HOW ZONING BROKE THE AMERICAN CITY AND HOW TO FIX IT

A welcome manifesto for rethought urban spaces and their outliers, bringing social justice into the discussion.

A study of zoning as an instrument of inequality—and deliberately so.

Former New York City planning official Gray examines the “arbitrary lines” that mark zoning maps. In most of the country’s major cities, he notes, the least desired sort of construction is apartment buildings, since these typically serve poorer communities, often made up of immigrants or ethnic minorities. Because deed covenants are no longer politically acceptable, zoning authorities hide behind “a dizzying array of confusing and pseudoscientific rules” that touch on such things as setbacks, floor area ratios, room size, and the like. So it has always been: Gray observes that the first discernible zoning laws were meant to impede Eastern European Jews from settling along New York’s Fifth Avenue. Modern zoning laws block not just the movements of people of color and of low income; they also stunt growth and innovation. Exclusionary rules make cities, which should be engines of innovation, unaffordable while immiserating the people who live there.
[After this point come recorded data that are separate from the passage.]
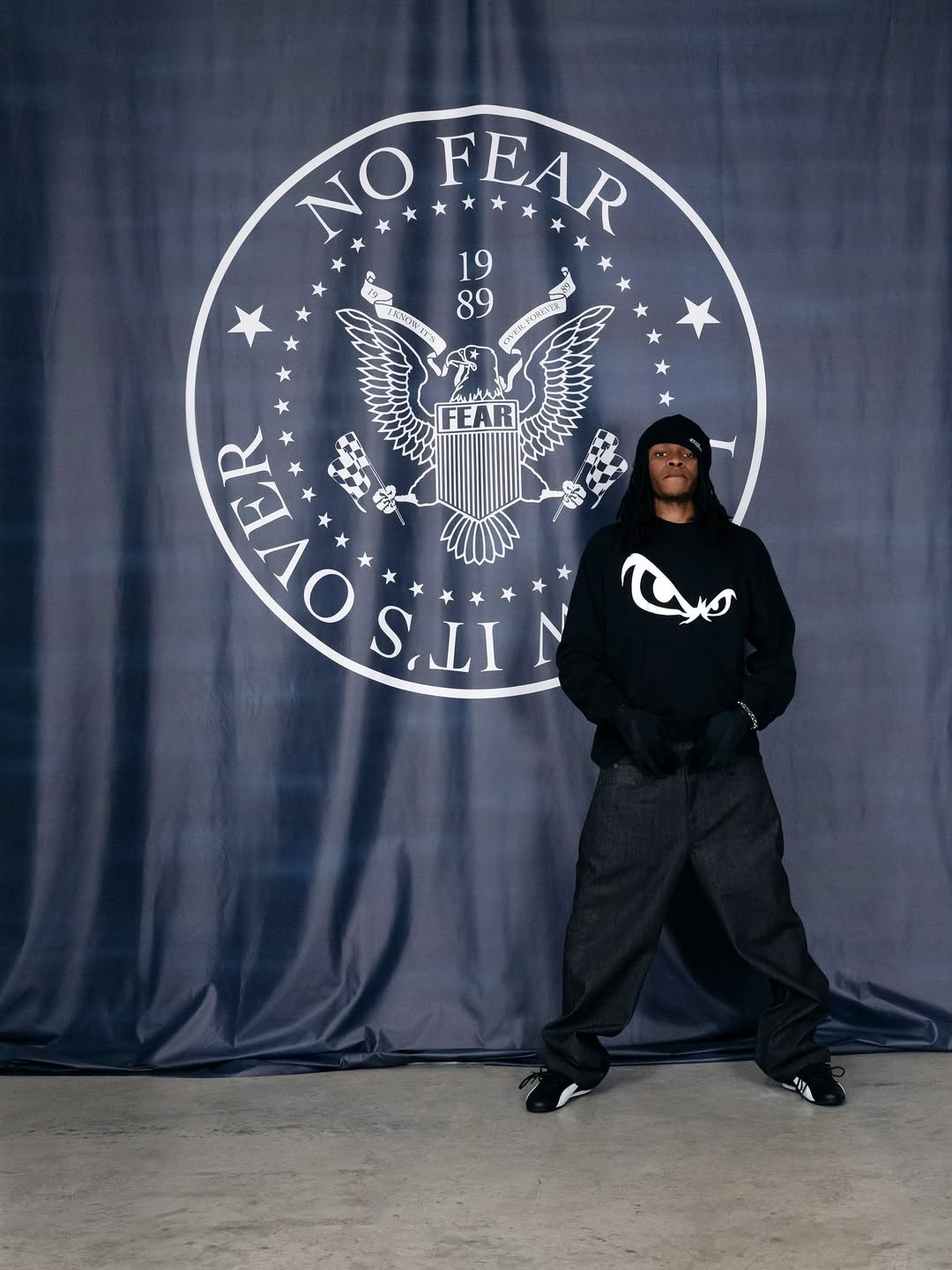 至少在经历了辉煌、没落,直到颠覆转型后,重新被这个时代、不同领域 Icon 再次爱上的 No Fear,终归没忘记当前仍在品牌徽标上印着的、代表诞生年份的「1989」;当然,也没忘记那股从诞生起便「目无王法」的「无畏」精神——只是,如今换了一种新的表达。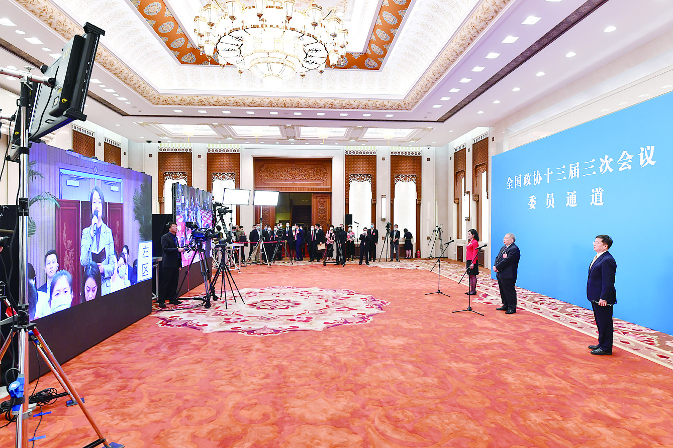 5月27日,在北京人民大会堂新闻发布厅举行全国政协十三届三次会议第三场“委员通道”采访活动。全国政协委员通过网络视频方式接受媒体采访。 新华社记者 李鑫 摄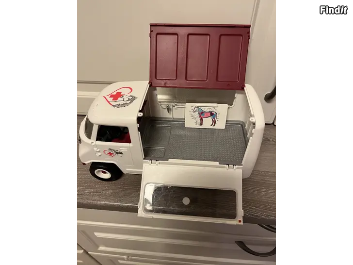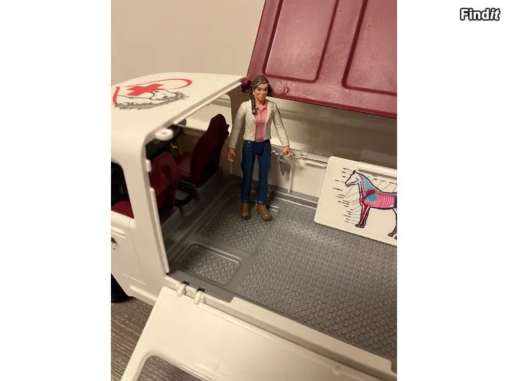 Schleich veterinärbil. Veterinären finns och lite andra småsaker. Inte komplett. Inga hästar kommer med men finns att köpas skilt.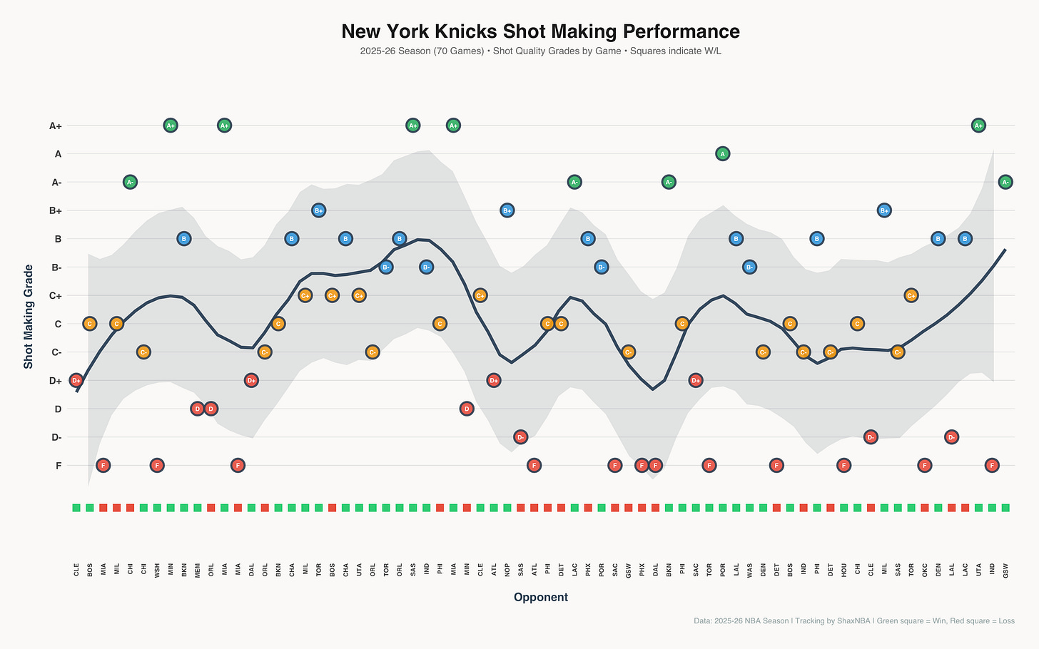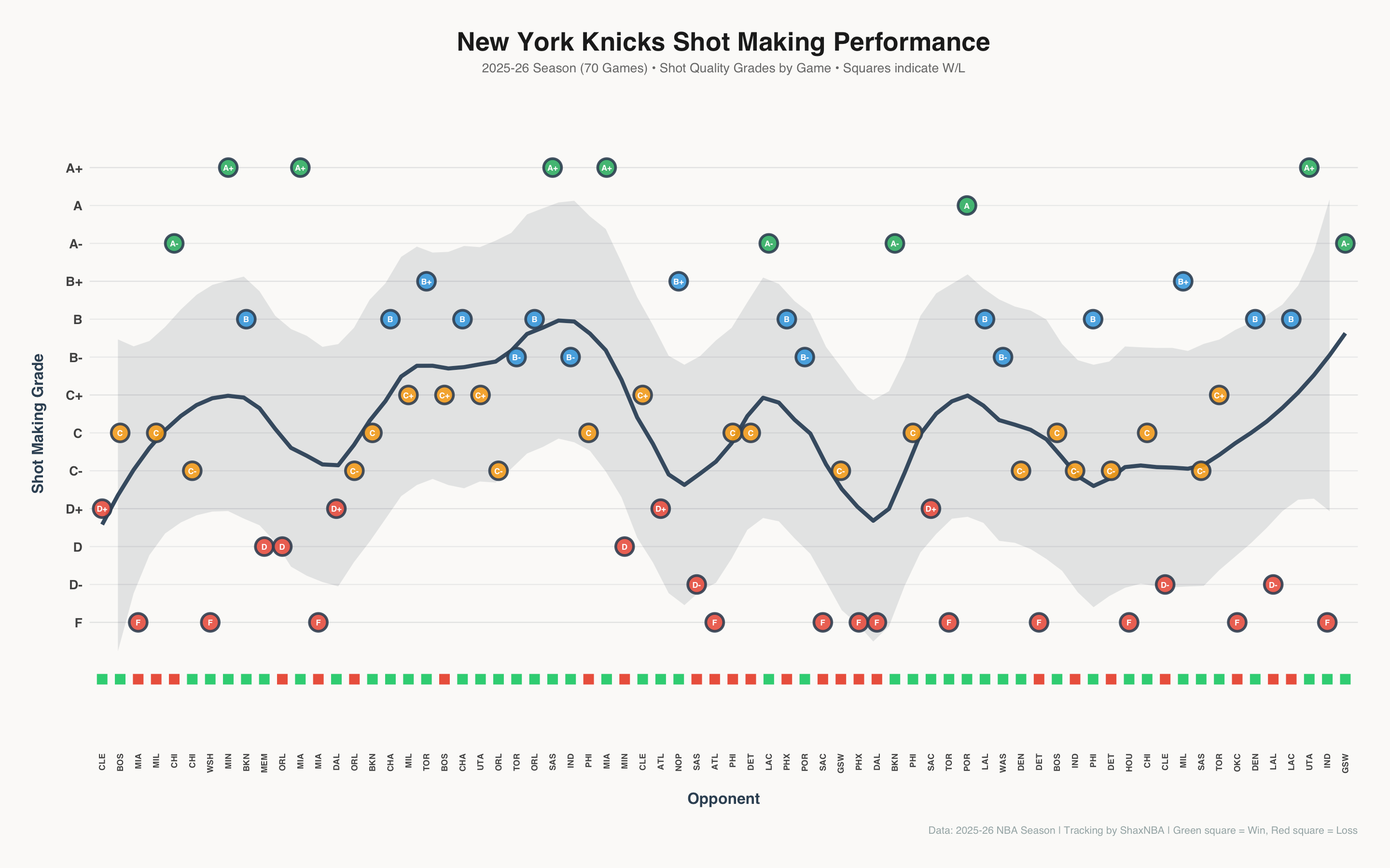 Through 70 games, this chart captures New York’s half-court shot making performance. I define shot making as the difference between actual points per shot (PPS) and expected points per shot (ePPS), where the expected value is calculated based on shot quality variables, shot type, play type, whether the shot was self-created or assisted, and location. To create game-by-game grades, I compare each game’s shot making value to the season average, making the metric team-specific rather than league-relative. Here’s an example of the math using the most recent game against Golden State:

Add to that the extraordinary requirements of many zoning laws about housing density and the location of shopping centers, and modern zoning condemns suburbanites to life in their cars. Examining the case of the zoning-free city of Houston, Gray convincingly presses the argument for rethinking and largely abandoning zoning laws as such, writing that these laws usually have only to do with “uses and densities on private land—nothing more, nothing less,” and are largely proscriptive and not prescriptive. Instead, the author urges that precedence be given to planning, which is a different thing entirely, and a planning system that allows for the interlayering of different kinds of housing and other properties that will help make housing more affordable and available and more ecologically sustainable—“green downtown apartments,” say, as opposed to “brown detached homes out on the edge of town.”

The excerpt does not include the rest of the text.